I'm more interested in the claims made for the hoard. I'm not an Anglo-Saxonist; I'm not an expert in decoration; I lack the knowledge even to know what expertises I should have to judge the hoard well; so I'm happy to be corrected, educated, even sneered at a a little, in your comments. But in what sense can this hoard, a jumble of booty, be thought to promise more knowledge (and indeed points of affective and imaginative contact) than the Lindisfarne Gospels or Book of Kells or, especially, Sutton Hoo (and comparisons between this find and SHoo are understandably frequent, even at this early stage)?
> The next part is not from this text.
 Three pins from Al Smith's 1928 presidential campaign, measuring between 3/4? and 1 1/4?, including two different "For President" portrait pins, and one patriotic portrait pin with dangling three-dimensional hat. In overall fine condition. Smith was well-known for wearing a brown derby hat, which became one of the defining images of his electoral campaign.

The Sutton Hoo ship burial sites record specific cultural events. The range of objects and their arrangement speak of an intent valuing more than just the objects themselves, of an intent that valued the the objects semiotically and that arranged these signifying elements in particular object "phrases" to say something about both objects and the individual/community/culture being honored.
The Staffordshire find, on the other hand, is a jumble. If Sutton Hoo is a Henry James novel, Staffordshire is (very nearly) Tristan Tzara's Hat. Certainly, the hoard has already started to give up some cultural meaning. Leahy observes:
This is not simply loot; swords were being singled out for special treatment. If it was just gold they were after we would have found the rich fittings from sword belts. Perhaps gold fittings were stripped from the swords to depersonalise them – to remove the identity of the previous owner. The blades then being remounted and reused.We also have Biblical verses perhaps used as war talismans; and then there's this comment, which wonders about the production sites of "glass millefiori rods." Thus what follows is perhaps already said too late.
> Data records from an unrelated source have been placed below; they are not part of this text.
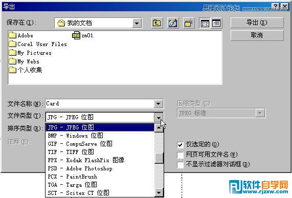 图20 五、输出文件 你此时所做的文件是CDR格式的文件,只能在CorelDRAW中打开。要想在网上能够用浏览器浏览,你得重新生成浏览器能够打开的文件格式,例如JPG等格式。 (1)选中整张图,并选择“文件”菜单下面的“导出”。 (2)在导出对话框中输入导出文件名称,并在文件类型下拉列表中选择“JPG-JPEG位图”,点出“导出”按钮,如图21.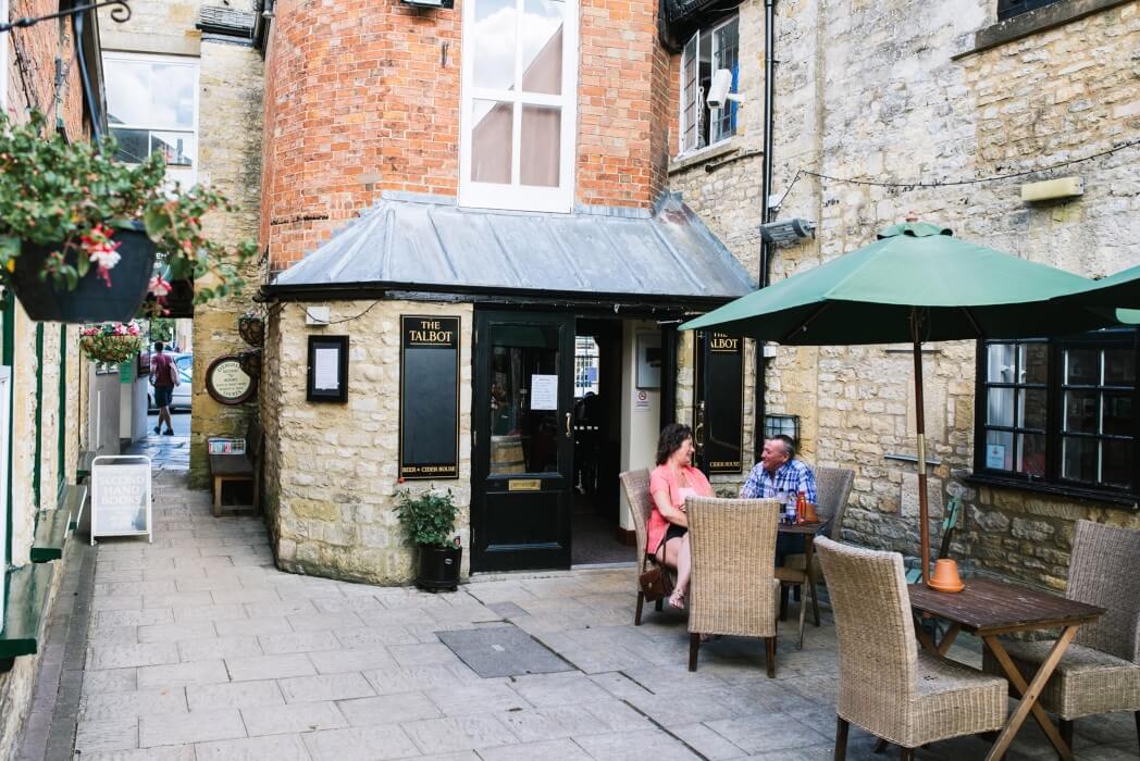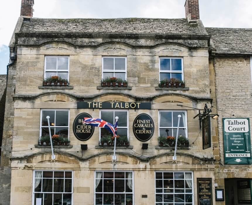For hundreds of years, The Talbot has been a feature of Stow-on-the-Wold’s picture-perfect market square. This historic old coaching inn dates back to the fifteenth century and spreads over two floors with a bar, restaurant, fireplace and small courtyard and an upstairs function room that can accommodate up to 30. It’s a Wadworth pub with a selection of five real ales on offer alongside a menu of homemade pub food which is available at lunch and dinner daily (and throughout the day at weekends). Popular dishes include the Breaded Brie with cranberry dip and mixed leaves to start and mains such as Pan-fried seabass served on a bed of saute potatoes, cherry tomatoes, red onion and wilted spinach with a balsamic glaze. Steaks, lasagne, pies and fish & chips feature too and there are plenty of special offers running throughout the week on the food and drink.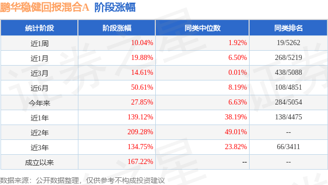 从业绩表现来看,鹏华稳健回报混合A基金过去一年净值涨幅为139.12%,在同类基金中排名138/4475,同类基金过去一年净值涨幅中位数为38.19%。而基金过去一年的最大回撤为-13.33%,成立以来的最大回撤为-52.06%。

Speaking from deep in my well of ignorance, I feel as though much of the reactions have not been so particularly learned. Instead, what I've seen suggests that we and the ancients, at least for now, have much the same fascination with this jumble: it's lovely; it's golden; it's quantitatively valuable (both in number of objects and in their material). See here for example:
Archaeologist Dr Kevin Leahy said none of the experts involved in the discovery had seen anything like it before.For the Mercians as for us, the objects have been stripped from their particular cultural contexts and brought together into a new cultural context, that of the 'hoard,' in which objects attract us in their quantity and quality, not as nodes in cultural sign systems. We have already and will continue to reconstruct the cultural field of individual objects, and that's to be praised, although I doubt we're going to understand more culturally from this hoard then we did from Sutton Hoo (see: well of ignorance).
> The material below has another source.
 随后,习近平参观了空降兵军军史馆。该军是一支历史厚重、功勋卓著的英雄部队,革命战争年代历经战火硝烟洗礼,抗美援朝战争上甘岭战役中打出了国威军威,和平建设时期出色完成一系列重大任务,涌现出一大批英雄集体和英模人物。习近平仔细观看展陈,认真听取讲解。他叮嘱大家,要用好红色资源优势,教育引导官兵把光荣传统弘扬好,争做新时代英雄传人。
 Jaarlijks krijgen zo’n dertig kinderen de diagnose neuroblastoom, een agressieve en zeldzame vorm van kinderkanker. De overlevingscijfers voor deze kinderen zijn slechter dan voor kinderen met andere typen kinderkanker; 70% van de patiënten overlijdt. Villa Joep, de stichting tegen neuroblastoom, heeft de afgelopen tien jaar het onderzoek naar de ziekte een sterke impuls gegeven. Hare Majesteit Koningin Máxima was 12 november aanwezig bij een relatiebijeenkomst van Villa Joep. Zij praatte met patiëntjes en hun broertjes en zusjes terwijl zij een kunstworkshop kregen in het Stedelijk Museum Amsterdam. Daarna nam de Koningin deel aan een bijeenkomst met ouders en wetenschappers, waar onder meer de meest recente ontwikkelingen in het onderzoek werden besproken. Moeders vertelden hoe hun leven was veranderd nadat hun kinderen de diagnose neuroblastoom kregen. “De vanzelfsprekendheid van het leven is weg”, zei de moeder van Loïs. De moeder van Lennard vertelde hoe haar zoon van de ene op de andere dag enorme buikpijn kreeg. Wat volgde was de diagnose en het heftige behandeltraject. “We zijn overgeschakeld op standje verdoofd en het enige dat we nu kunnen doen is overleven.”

He told a press conference at Birmingham Museum and Art Gallery: “These are the best craftsmen the Anglo Saxons have got, working with the best materials, and producing incredible results.”....
Dr Bland confirmed that copper alloy, garnets and glass objects were discovered at the undisclosed site, but the “great majority” of the treasure was gold or silver.
Experts have so far established that there are at least 650 items of gold in the haul, weighing more than 5kg (11lb), and 530 silver objects totalling more than 1kg (2.2lb) in weight....
Mr Herbert, from Burntwood, Staffordshire, has described unearthing the haul as “more fun than winning the lottery”.
“My mates at the (metal detecting) club always say that if there is a gold coin in a field, I will be the one to find it. I dread to think what they’ll say when they hear about this,” he said.
But we can perhaps learn something else precisely by virtue of the hoard objects' cultural irrecoverability. I wonder what value we can get if we can also attempt to preserve our initial fascination with the hoard as a hoard, in this moment in which our desires and those of some eighth-century Mercian coincide? Can this shared desire, that emphasizes the gold, the weight, the worry about 'mates' finding out, say anything to us?
Scabbard Boss Image credit:
17 comments:
When I first heard a news report on this this morning I had a fleeting discomfort that the interviewee was being pushed into using more popular cliches than he felt easily able to articulate - and we all engage in these acts of translation between specialist and accessible vocabulary all the time (as discussed here before). But I agree that the content need not be as cliched as the expression has to be accessible.
Even more fleetingly - though Karl - this seems to be some kind of war booty - surely it speaks (among many other things) to the unpredictability of a sometimes cruel and violent past - and quite possibly to the kinds of inter-ethnic 'engagement' - both of which are so often discussed at ITM?
But do we really know what the cultural context of the Staffordshire hoard is yet? Yes, it's a jumble at present, a more difficult "text" perhaps than Sutton Hoo was when first discovered. Nevertheless, it took scholars some years to really understand the significance of Sutton Hoo (if, in fact, we truly understand it even now). It may well turn out that this new discovery is not like Tzara's hat, but more like the displaced leaves of a larger manuscript.
@deBreeze:
Agreed. We'll certainly come to know more (as is evident in some of the learned observations already appearing in the comments on flickr), and, who knows, I may be surprised to discover that this really surpasses Sutton Hoo not only in the weight of the gold and number of objects (does it?), but also in its capacity to speak clearly. I do think it's premature, though, to draw quantitative comparisons in significance to other early medieval British treasures.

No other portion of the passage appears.